10.6.99
Things that have happened since I last wrote:

Thursday the thirtieth I went to the opening night of An American Century of Photography at the Seattle Art Museum with Pam and two of her colleagues. There was a lecture by Keith Davis, the author of the exhibition catalogue. He spoke with enthusiasm and abundant detail; he spoke too long. Before he finished they turned his spotlight out, forcing him to wrap it up in the dim light reflected from the projection screen. When he was finished, we had 40 minutes to view an entire century. I only made it through the modern era, but there was enough time to push my nose against some famous early images by Stieglitz, Strand, Man Ray, Weston. Those famous ones ubiquitous in print are here, glossy and deep, exquisitely framed, and always a size different than what I imagined.

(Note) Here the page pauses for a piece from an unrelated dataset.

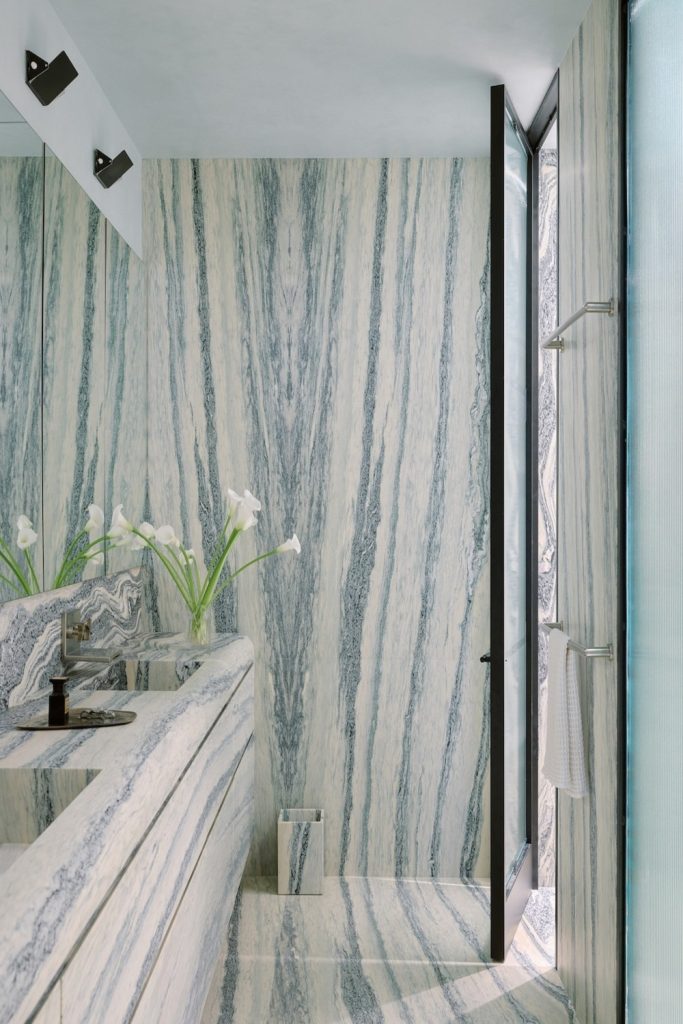 Blue marble counters lift fast. Like the slab I got for a client luxury blue spa. Veins add real art. Seal each year for stain fight. Go with vessel sinks for tall. Green note: Look for left bits. Cut waste. This blue marble counter idea fits moody trends nice. In use, it is cool to touch. Refresh.
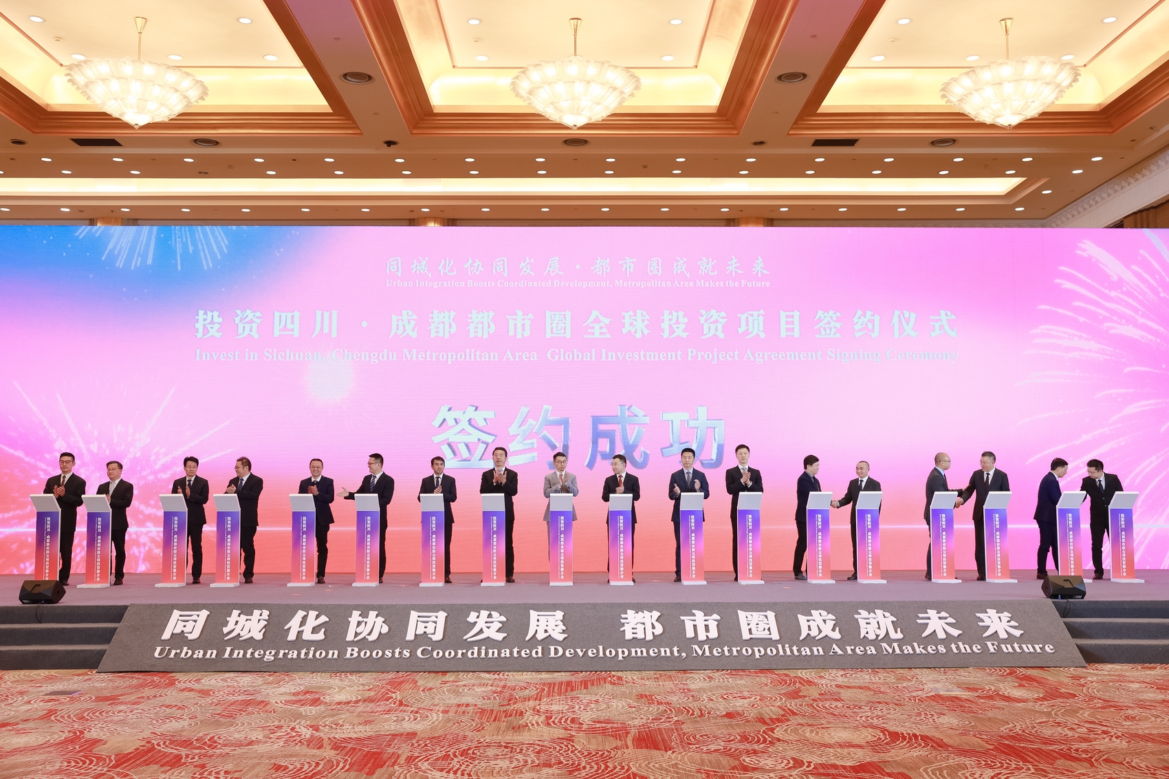 投资四川·成都都市圈全球投资推介会,有9个代表项目现场集中签约,平均投资额超25亿元。(省经济合作局供图)

Friday the first Angela made curry,
which we ate in hurry,
before darting over to the Guild
for the late showing of American Beauty.

We enjoyed the film immensely amidst a crowd of like-minded moviegoers. I thought the acting was spectacular, particularly Kevin Spacey and Annette Bening. The boy's eyes were inescapable.

Sunday the second was an attempt on Camp Muir with Bob and Joan. 'Twas a success. 'Twas the most beautiful day in ages--a bonus day, some weatherman reported...


WEATHER REPORT


Altitude = 10,000 feet. Thinner air than this body has ever achieved by its own volition. The heart clicks its oxygen-hungry blood through the lungs and through again. I ate something that disagreed with me and my stomach cramped and hurt and threatened to expel the dissident nourishment. The snow field was enormous, headway did not come easily. Take a few steps and then stand prostrate before that next rise, the distant premonitory, and always that goal imagined but out of sight.

Temperature > freezing. The pilgrims wore shorts and tee-shirts. Sun block and glacier glasses were required.

On that silent verge of heaven, observe the mountain eroding: I could hear the chatter of snow stirring to water; sometimes the human figures tacked to the path paused to turn toward the apparent source of some low and distant rumbling, hoping to see whole slices of mountain crumbling away.

Visibility: 100% transparent. Adams, Hood, and St. Helens and all the myriad hills a sea between them. The sky was a deep slate blue and closer than usual; it was everything that was not mountain. We trudged over Mars and the moon and a sea of meringue, but always under the same stark blue.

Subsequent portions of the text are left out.